Les Vignes Retrouvée 2016 (ratio 75/20/5) is very primary, grapefruity, zesty and vibrant.

Les Vignes Retrouvée 2015 (ratio 75/22/3) shows some engaging honeyed exotic notes. It has light fullness to the palate and is fresh and nicely balanced with an aromatic finish.

Les Vignes Retrouvée 2007 (ratio 70/30) This is a mature wine with honey and truffle notes. Lovely and mellow and quite fresh on the finish.

This wine is sold to the on trade, so hopefully you might find it on a restaurant wine list.

I cannot write this piece without including Le Faite Blanc. This white is a blend of Gros Manseng, Petit Manseng and Petit Corbu with a seasoning of Arrufiac. This intriguing wine is available off trade for approx £17-20.

It is described as coming from the most expressive terroir of Aignan, Plaisance and Saint Mont. The best old vine parcels in cooler micro-climates are selected. It is harvested at night and the Gros and Petit Manseng receives prolonged skin contact (8-12 hours).
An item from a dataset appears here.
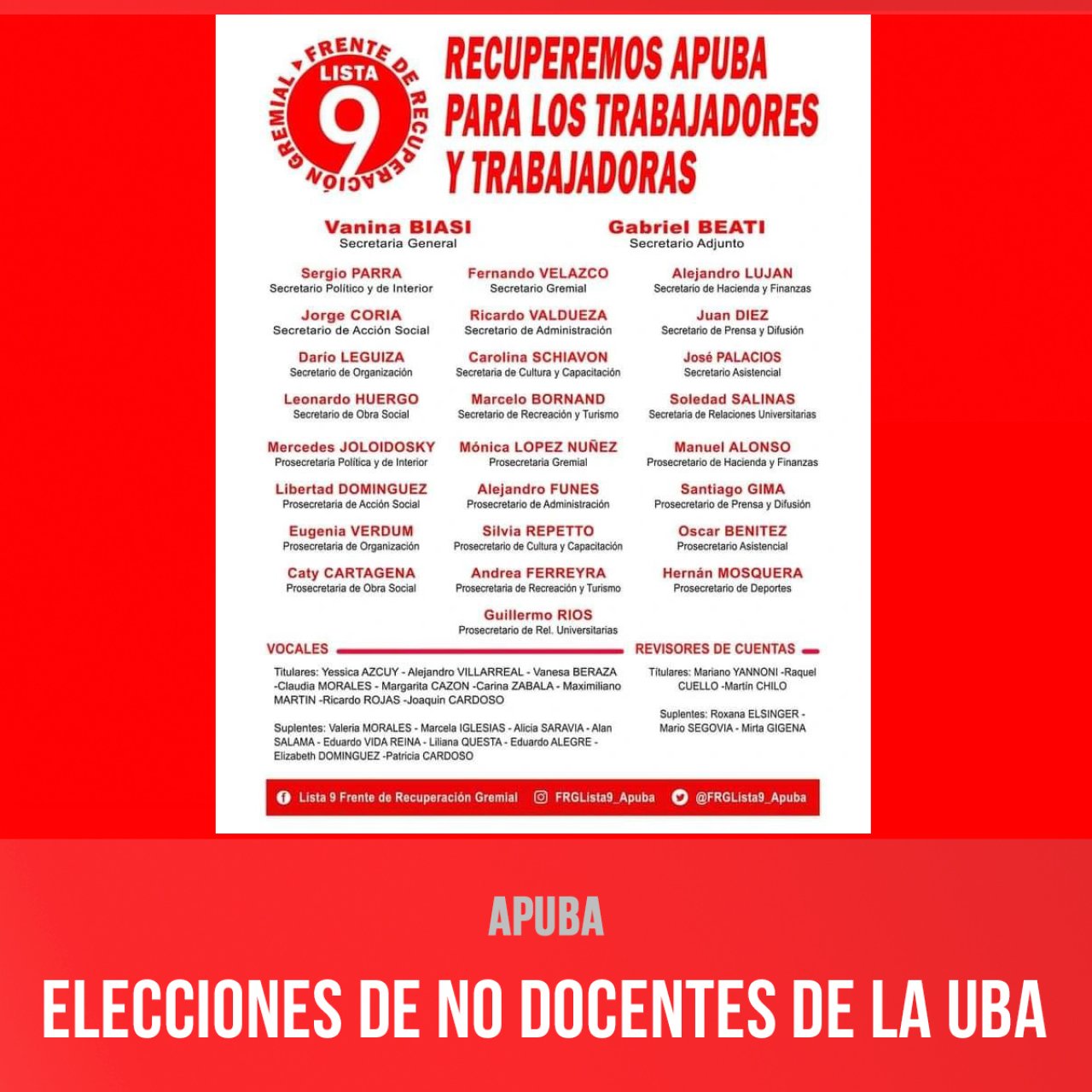 El 7 de abril se realizarán las elecciones de comisión directiva del gremio Apuba para el periodo 2022-2026. Se presentan dos listas, el Frente Marrón que dirige Jorge Anro desde hace ya 28 años y por otro lado el Frente de Recuperación Gremial lista 9, la oposición antiburocrática (conformada por la agrupación Bordó No docentes, la René Salamanca, la agrupación No docentes de base-FADU y la agrupación No docentes en lucha más independientes).

The nose was not given a chance to taste Petit Manseng flying solo, which is a pity. It is one of the oldest grapes in cultivation as it can be traced back 1000 years. It needs a lot of rain, which it gets here in the spring, but I’m told it could probably do with more to be a single varietal and works well in a blend here. It is good as late harvest sweet style for it can reach a potential 16 degrees, but for a stand alone dry wine this means it can become too big and rich. (On the other side of the Pyrenees, where they get more rain, it is more successful vinified alone).

So what about the wine.


Le Faite Blanc 2014

This has a wonderful honeyed aroma with orange flower and passionfruit. The medium bodied palate is fresh and almondy with some apricot notes balanced by citrus freshness. There is a bit of tannic grip and a fresh salty finish. Yum, yum.

This is another white wine designed to mature. The 2010 had not evolved much and showed very little more maturity than the 2014.

This focus on wine to age and white wine to boot is curious. Curious for region with no tradition of ageing wine to drink at home. The locals have no cellars – this may be something to do with the sandy soil. It was always rare to put aside a bottle to age and only to mark a special occasions – a wedding or a birth – might a particular vintage be stored, to be unearthed at a later date. And it would literally be ‘unearthed’ as the bottle was dug into the soil to be stored. A paper label would rot of course. Hence the tradition of a wooden tag evolved (see below).

Well this is a region that wants to be different and it is. I’ve enjoyed these unusual whites and look forward to sniffing new blends of old varieties in years to come.

I might even be temped to store a few bottles in the flowerbeds.